The aid-reliant Afghan government has begun delivering aid to affected areas. But assistance will be needed for months to come. The UN Office for the Coordination of Humanitarian Affairs (OCHA) said rapid action was needed to enable delivery of food and water. More than $115 million was required for a six-month response in the 20 provinces, it said.
“Drought is gripping large parts of Afghanistan, with more than 2 million people expected to become severely food insecure and in need of humanitarian assistance for survival,” OCHA said.
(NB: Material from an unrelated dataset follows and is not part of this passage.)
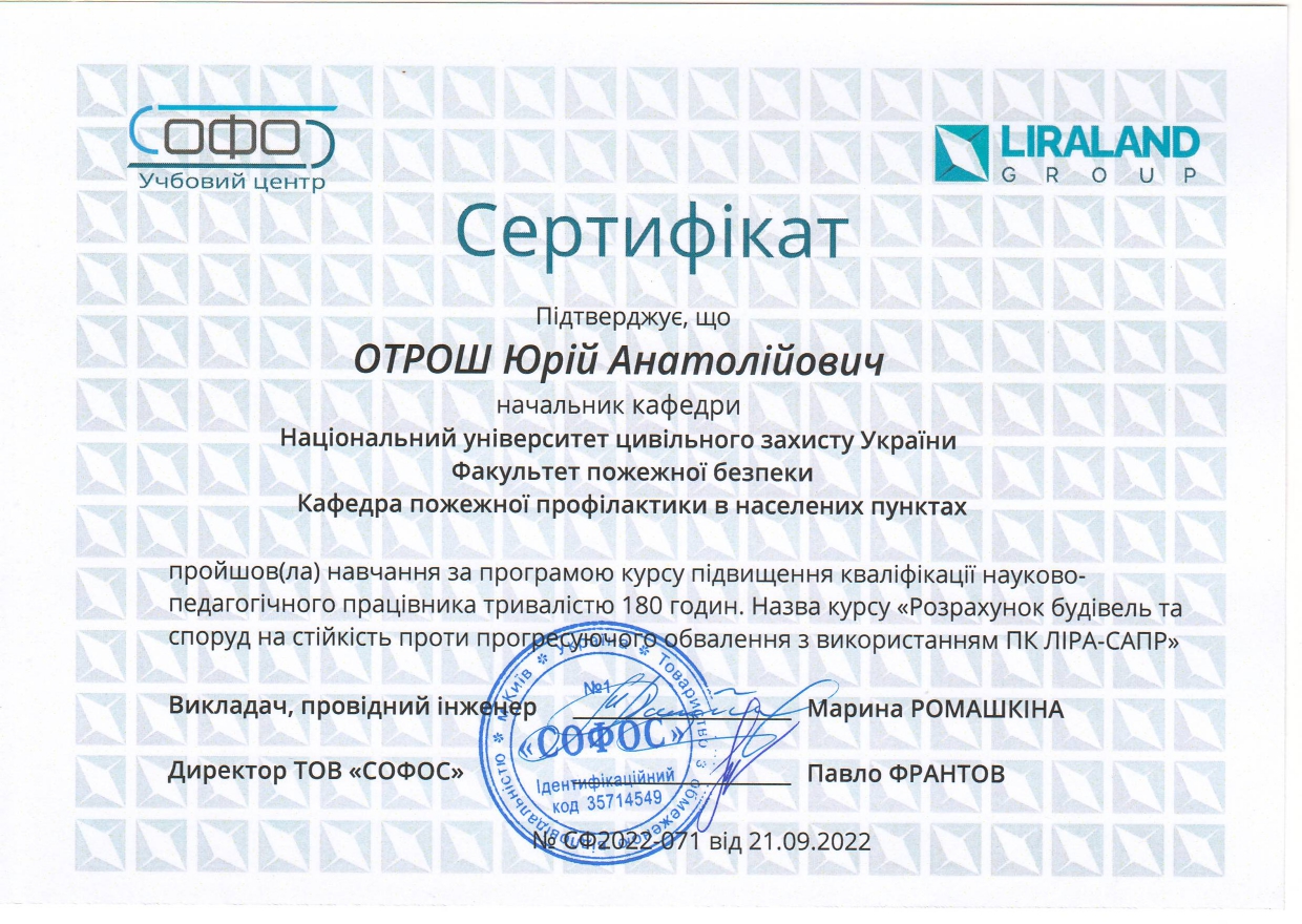 курс по практичному застосуванню програмного комплексу ЛІРА-САПР 2022 тривалістю 180 навчальних годин, вересень 2022 р. Свідоцтво;

“A quick, comprehensive response will enable the delivery of food and water to the rural villages and help to avoid the migration of families to cities where they risk losing all of their few possessions, and where they lack shelter and access to health facilities and schools for their children,” it said.
Water points and fountains across the country have dried up, and the lack of rain and snow melt has made rivers run low or dry up, the organization said.
About 1.5 million goats and sheep in northeast regions are struggling to find food and more than half of the 1,000 villages in the province are suffering from lack of water.
Intensified conflict in many parts of the country is worsening the effects of the drought, limiting communities’ access to markets.
In Helmand, village elders reportedly need to obtain special approval from the armed groups to access markets in areas under government control.
In Uruzgan province, people often cannot access the main market in Tirinkot due to fighting and insecurity on the roads to the provincial capital. Following a temporary closure of the road to neighboring Kandahar province in April due to fighting, wheat prices went up by 50 percent in the city, and the price for fresh produce quadrupled within days.
Engineer Mohammed Sediq Hassani, chief of planning in the government’s Disaster Management Department, said the drought has directly and indirectly taken the lives of dozens of people.

“The impact of drought in terms of taking lives is intangible and slow. An indirect impact can be the recent floods, which claimed the lives of 73 people. Floods happen when there is a drought because of the change of the climate,” he told Arab News.